Unlike many landscape artists who struggle with human figures - including notable painters like Constable and Turner - Millet excels at placing the human body at the center of dramatic, existential moments filled with physical exertion. Work that in reality must have been repetitive and mind-numbing becomes transformed into scenes of heroic drama under his brush.

His painting "The Winnower" shows a man throwing grain into the air, creating a golden mist as he separates wheat from chaff. Created during the revolutionary year of 1848, when liberal and socialist uprisings were reshaping Europe, the winnower notably wears a reddish-pink bandana, white shirt, and blue handkerchief - the exact colors of the tricolour flag created during the first French Revolution.
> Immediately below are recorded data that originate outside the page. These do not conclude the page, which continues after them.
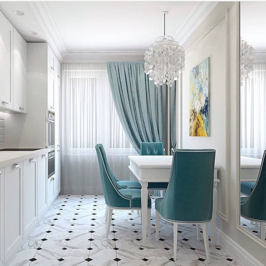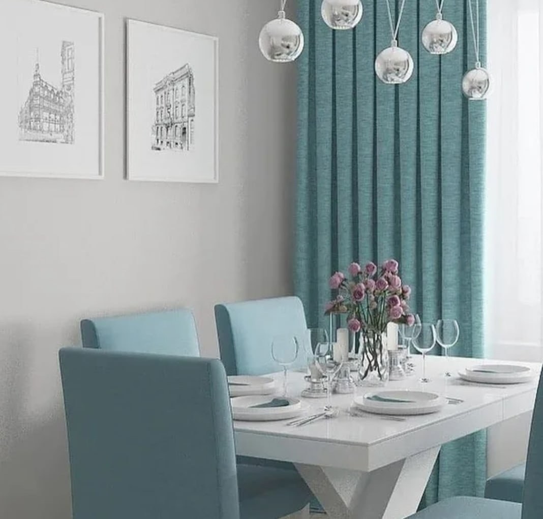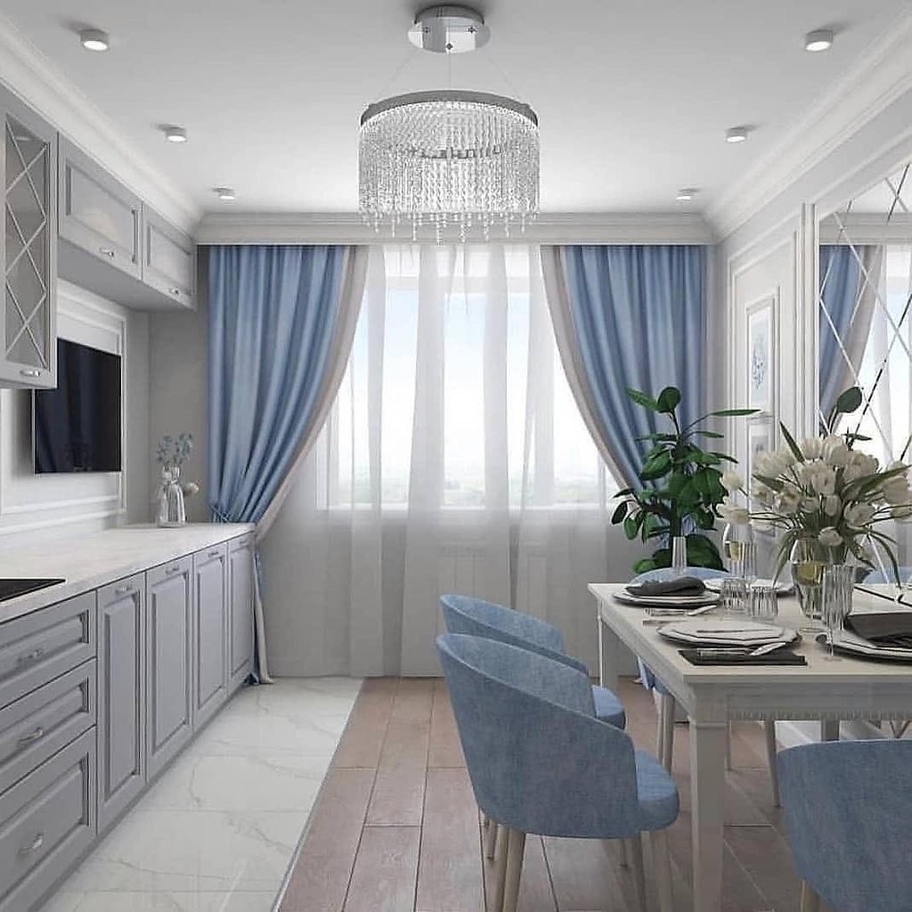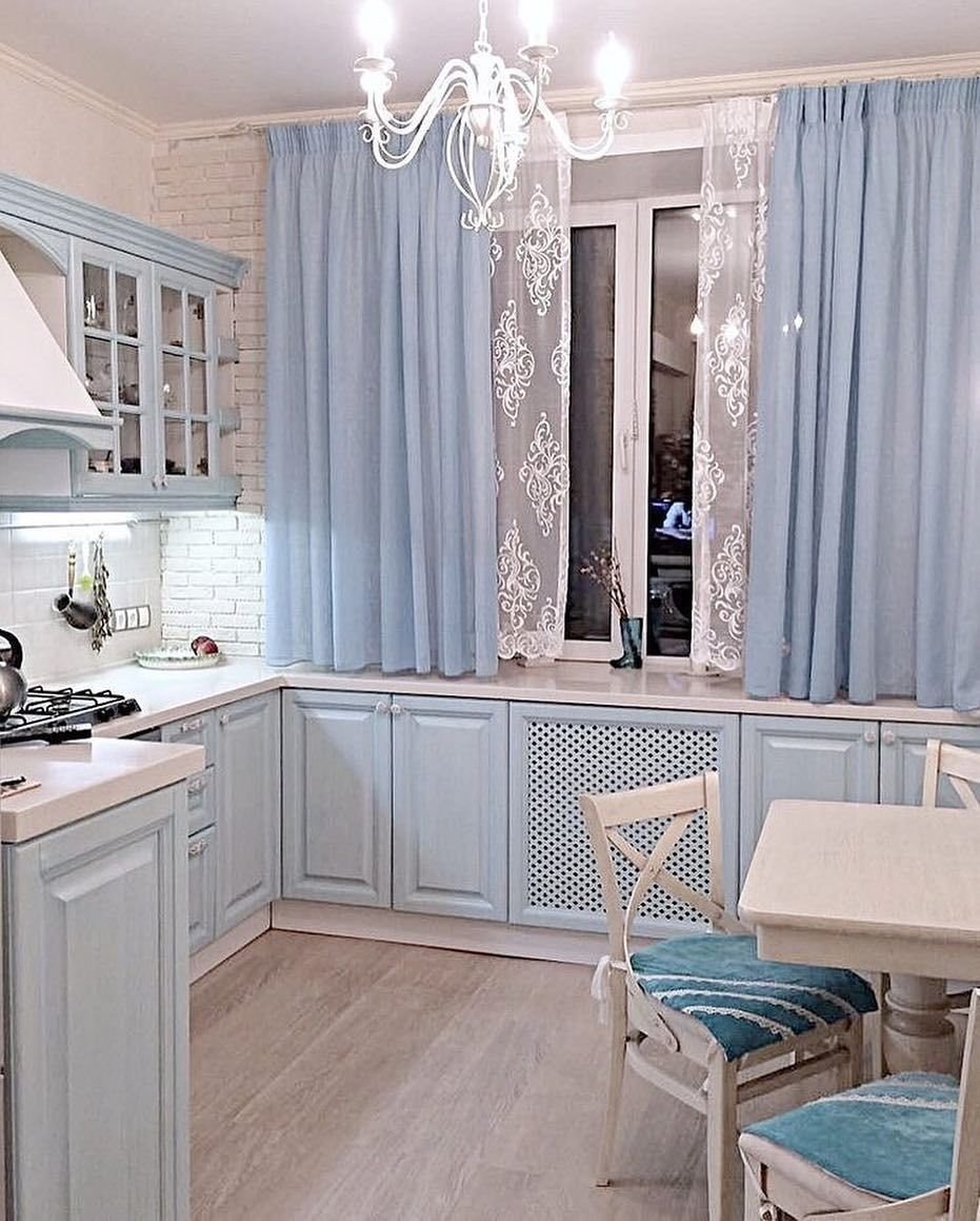 Голубые шторы в интерьере кухни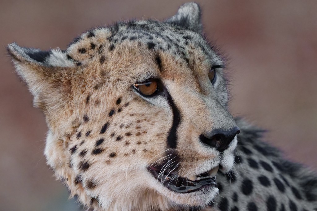 After tea, we set out on our first game drive. Our guide, Sam, informed us that the cheetahs had been spotted at the opposite end of the reserve and that we could choose between a hard drive to get there in time, or a leisurely game drive which would not allow us enough time to get to see them. Since we were keen to see them and one other couple on the vehicle, who were on their last day at Madikwe, were equally keen, the choice was made to go for the cheetahs. Having found them, I was slightly disappointed to notice that both were collared. This was understandably necessary from a conservation perspective, since the reserve had recently lost two females, only had four males left and were trying to study their behaviour before reintroduction of more females. From a photography perspective, this meant that I had to stick to tightly framed and cropped head shots if I did not want the unsightly collars in my photos.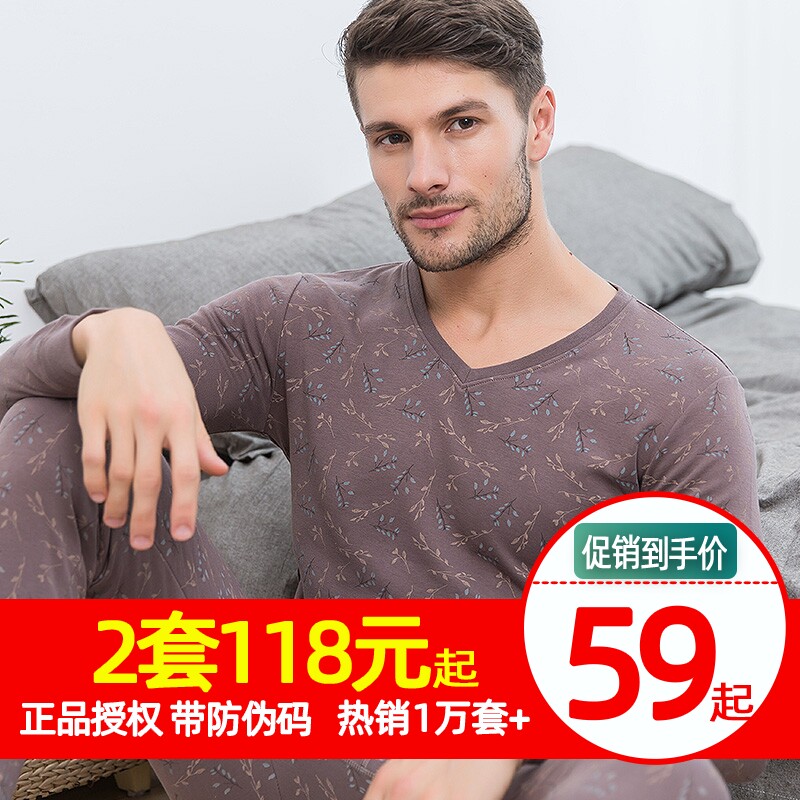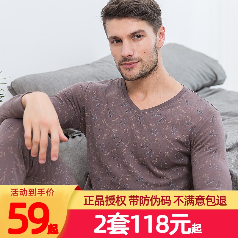 花系保暖内衣男薄款纯棉秋衣秋裤青年打底棉毛衫男士套装线衣线裤

This color choice reveals Millet's revolutionary sympathies.

Millet's political consciousness appears throughout his work, with his subjects having plenty of reasons for rebellion. "The Sower" depicts a man planting seeds in what appears to be a deep pit or gully, as if he has descended into hell itself. The barren-looking ground seems incapable of supporting life, yet the sower continues his work regardless. The symbolism proves impossible to ignore, especially with two cows positioned prominently against the stormy sky above, their rear ends visible. The sower's actions could represent those of a political activist planting seeds of change, or they might symbolize artistic creativity itself - perhaps Millet creating beauty from the harsh realities of rural labor.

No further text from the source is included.